The standard for PDF tools has been Adobe's Acrobat suite. But this suite is expensive, somewhat quirky, and at times works poorly with other tools. Acrobat plugins to Microsoft Office and Internet Explorer are especially unreliable, and they frequently make their host programs behave erratically. I always uninstall them.
This means I need to use other options to convert Word documents to PDF. There are several common solutions out there, none but one of them is completely satisfactory. For example, the Microsoft Office PDF plugin does not embed all fonts, nor does it give you the option to do so. It does not embed the Base14 fonts.

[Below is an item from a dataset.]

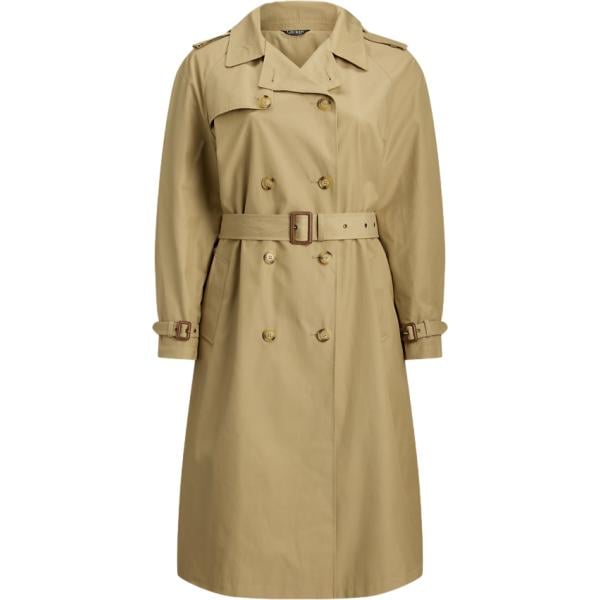 Trench da donna in marrone chiaro curvy con spalline con bottoni

This is a design error (that is common). Here is its history. For many years, Adobe guaranteed that Adobe Acrobat Reader would provide 14 fonts (the so-called Base14 fonts) in all implementations. These fonts were Times Roman, Courier, and Helvetica typefaces (each in regular, bold, italic, and bold italic—so 12 fonts) plus a Symbol and a Dingbat font. The rule was you did not need to embed these fonts in PDF documents, because Acrobat Reader would supply them. This scheme never worked very well. Its first limitation was that not all Times Roman fonts looked the same, so the same document could look strikingly different on two different computers. A few years ago, Adobe quietly discontinued supporting Base14 fonts in Acrobat Reader. The result is that if you're creating a PDF for distribution, you must embed all fonts, even the old Base14 fonts, if you want it to maintain your original format and layout.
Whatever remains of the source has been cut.